The data –

------------

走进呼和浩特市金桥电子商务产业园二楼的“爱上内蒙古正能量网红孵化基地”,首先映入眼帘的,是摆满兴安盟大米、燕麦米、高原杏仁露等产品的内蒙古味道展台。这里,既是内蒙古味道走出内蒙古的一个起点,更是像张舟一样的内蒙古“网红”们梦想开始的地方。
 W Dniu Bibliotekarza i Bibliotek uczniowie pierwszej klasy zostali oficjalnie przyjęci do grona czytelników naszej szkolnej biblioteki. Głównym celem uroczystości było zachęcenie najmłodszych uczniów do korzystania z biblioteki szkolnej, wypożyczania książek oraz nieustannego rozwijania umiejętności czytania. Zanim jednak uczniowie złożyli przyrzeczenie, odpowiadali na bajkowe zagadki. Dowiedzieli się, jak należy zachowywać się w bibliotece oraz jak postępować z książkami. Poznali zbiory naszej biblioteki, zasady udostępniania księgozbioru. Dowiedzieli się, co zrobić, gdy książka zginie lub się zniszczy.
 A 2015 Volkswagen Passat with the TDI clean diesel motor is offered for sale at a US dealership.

------------

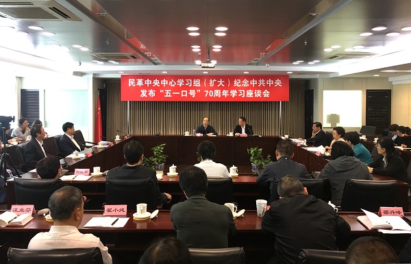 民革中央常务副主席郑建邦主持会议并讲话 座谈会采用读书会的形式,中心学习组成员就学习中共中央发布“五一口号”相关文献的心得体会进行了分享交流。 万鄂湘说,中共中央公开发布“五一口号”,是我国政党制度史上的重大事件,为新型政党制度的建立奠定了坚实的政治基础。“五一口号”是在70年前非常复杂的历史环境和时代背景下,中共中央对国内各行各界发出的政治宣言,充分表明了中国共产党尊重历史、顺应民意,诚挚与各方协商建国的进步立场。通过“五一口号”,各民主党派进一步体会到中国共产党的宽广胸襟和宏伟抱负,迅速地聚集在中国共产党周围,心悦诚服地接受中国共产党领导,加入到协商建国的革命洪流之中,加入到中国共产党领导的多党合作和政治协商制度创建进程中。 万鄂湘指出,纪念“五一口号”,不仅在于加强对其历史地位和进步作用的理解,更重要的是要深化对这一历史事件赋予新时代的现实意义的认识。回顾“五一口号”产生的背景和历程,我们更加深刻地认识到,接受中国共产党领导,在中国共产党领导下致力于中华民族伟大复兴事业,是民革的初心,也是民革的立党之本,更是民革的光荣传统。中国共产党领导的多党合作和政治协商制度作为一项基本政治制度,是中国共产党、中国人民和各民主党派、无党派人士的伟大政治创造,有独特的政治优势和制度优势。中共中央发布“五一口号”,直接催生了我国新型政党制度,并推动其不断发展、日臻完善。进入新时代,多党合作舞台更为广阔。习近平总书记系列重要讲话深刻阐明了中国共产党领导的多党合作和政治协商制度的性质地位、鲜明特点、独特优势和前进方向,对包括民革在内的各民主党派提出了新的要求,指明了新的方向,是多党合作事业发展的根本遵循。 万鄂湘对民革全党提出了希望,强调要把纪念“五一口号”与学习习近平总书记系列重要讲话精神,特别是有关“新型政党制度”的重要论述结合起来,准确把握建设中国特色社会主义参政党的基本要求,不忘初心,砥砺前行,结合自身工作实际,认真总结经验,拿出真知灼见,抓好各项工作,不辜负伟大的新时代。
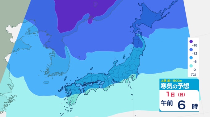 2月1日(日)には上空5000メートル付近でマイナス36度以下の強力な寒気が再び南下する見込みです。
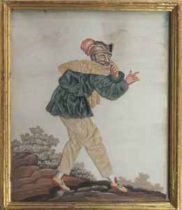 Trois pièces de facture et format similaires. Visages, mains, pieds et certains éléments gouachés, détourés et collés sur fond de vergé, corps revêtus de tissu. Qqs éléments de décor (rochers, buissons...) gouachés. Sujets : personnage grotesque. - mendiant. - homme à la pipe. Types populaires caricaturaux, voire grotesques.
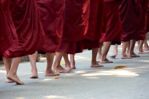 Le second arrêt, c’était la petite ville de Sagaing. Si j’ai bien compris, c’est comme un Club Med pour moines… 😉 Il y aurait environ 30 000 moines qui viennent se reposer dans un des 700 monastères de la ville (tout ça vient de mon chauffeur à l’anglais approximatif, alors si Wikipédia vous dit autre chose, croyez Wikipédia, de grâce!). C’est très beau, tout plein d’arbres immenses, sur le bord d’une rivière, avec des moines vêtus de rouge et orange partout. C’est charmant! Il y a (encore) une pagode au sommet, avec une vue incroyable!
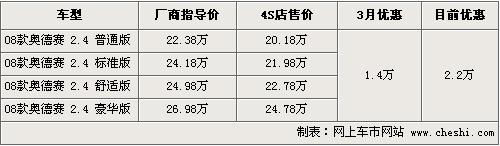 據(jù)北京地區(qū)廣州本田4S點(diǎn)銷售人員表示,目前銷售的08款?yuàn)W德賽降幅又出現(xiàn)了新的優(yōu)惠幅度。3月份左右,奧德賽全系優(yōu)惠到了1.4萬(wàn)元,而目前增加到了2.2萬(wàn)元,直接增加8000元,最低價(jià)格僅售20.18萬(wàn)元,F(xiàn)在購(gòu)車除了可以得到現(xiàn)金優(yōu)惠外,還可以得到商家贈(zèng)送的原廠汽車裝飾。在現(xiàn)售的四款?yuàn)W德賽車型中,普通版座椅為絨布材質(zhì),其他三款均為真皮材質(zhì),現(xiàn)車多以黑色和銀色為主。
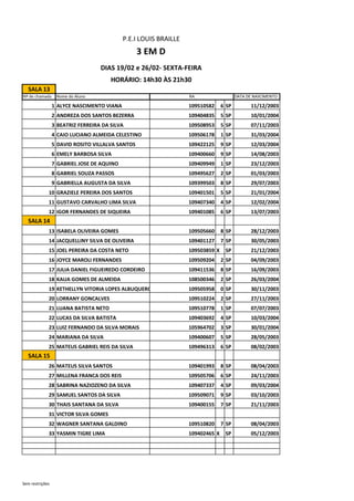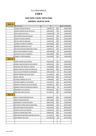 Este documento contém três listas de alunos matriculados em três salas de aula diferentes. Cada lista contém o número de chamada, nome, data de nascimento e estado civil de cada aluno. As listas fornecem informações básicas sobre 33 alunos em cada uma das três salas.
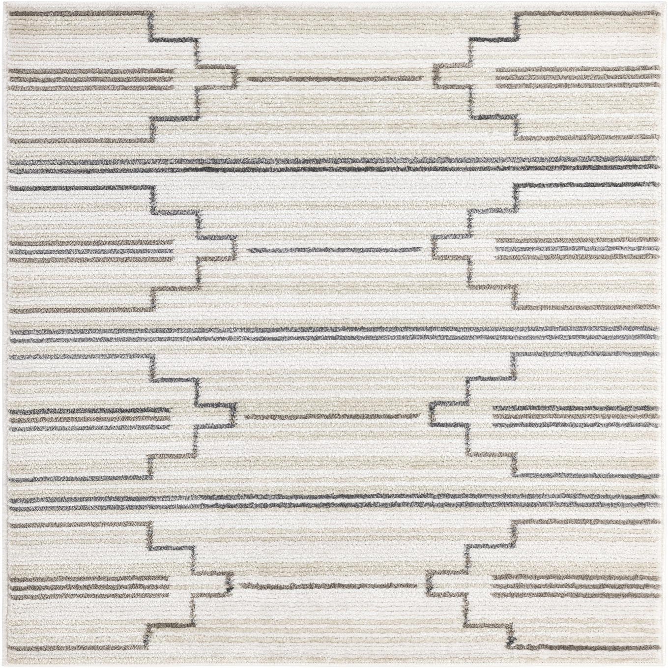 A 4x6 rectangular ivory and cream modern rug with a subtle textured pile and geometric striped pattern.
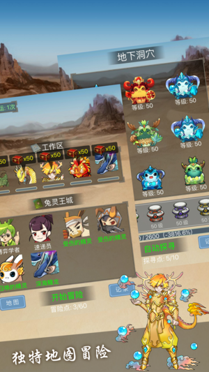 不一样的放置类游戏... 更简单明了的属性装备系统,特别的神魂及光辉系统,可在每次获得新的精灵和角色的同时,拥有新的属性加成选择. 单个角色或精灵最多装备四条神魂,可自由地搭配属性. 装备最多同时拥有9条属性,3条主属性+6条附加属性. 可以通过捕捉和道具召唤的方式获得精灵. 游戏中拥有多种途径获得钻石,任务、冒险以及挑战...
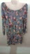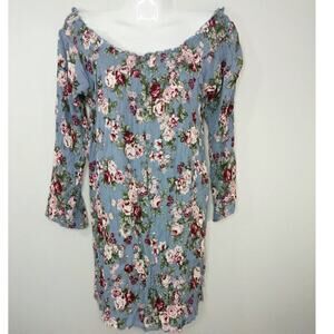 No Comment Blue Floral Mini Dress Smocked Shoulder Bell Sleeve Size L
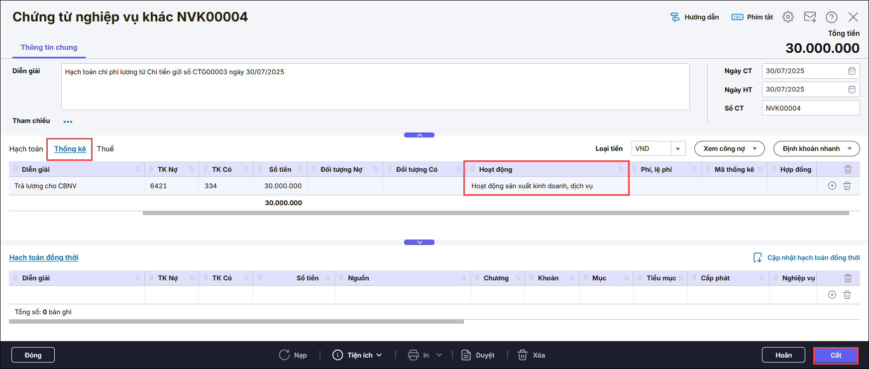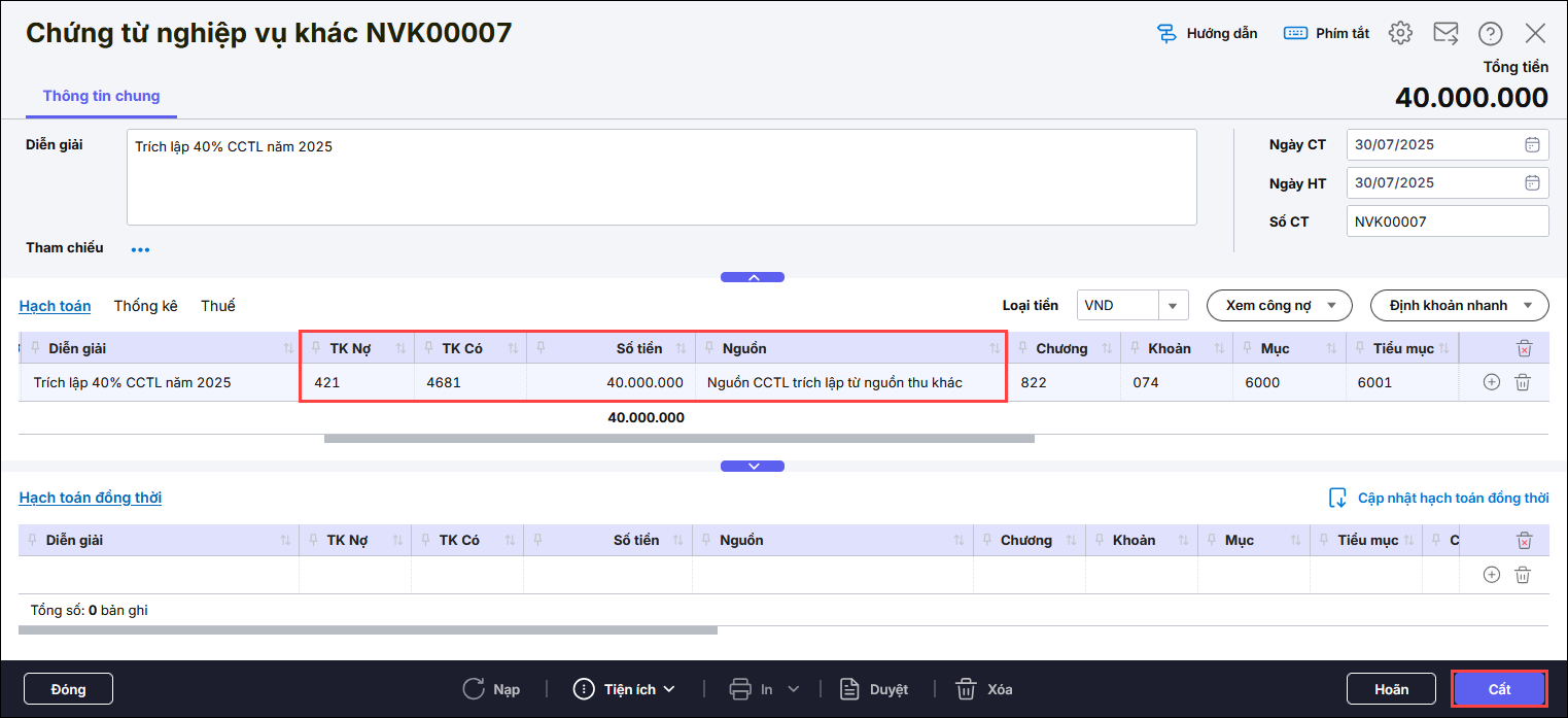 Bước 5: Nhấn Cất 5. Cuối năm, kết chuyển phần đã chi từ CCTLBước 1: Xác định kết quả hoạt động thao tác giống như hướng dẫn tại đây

------------

The exact lines of the material above starting at the one that contains "W Dniu Bibliotekarza" and ending at the one that contains "A 2015 Volkswagen" are what to retype; leave out everything else.

 W Dniu Bibliotekarza i Bibliotek uczniowie pierwszej klasy zostali oficjalnie przyjęci do grona czytelników naszej szkolnej biblioteki. Głównym celem uroczystości było zachęcenie najmłodszych uczniów do korzystania z biblioteki szkolnej, wypożyczania książek oraz nieustannego rozwijania umiejętności czytania. Zanim jednak uczniowie złożyli przyrzeczenie, odpowiadali na bajkowe zagadki. Dowiedzieli się, jak należy zachowywać się w bibliotece oraz jak postępować z książkami. Poznali zbiory naszej biblioteki, zasady udostępniania księgozbioru. Dowiedzieli się, co zrobić, gdy książka zginie lub się zniszczy.
 A 2015 Volkswagen Passat with the TDI clean diesel motor is offered for sale at a US dealership.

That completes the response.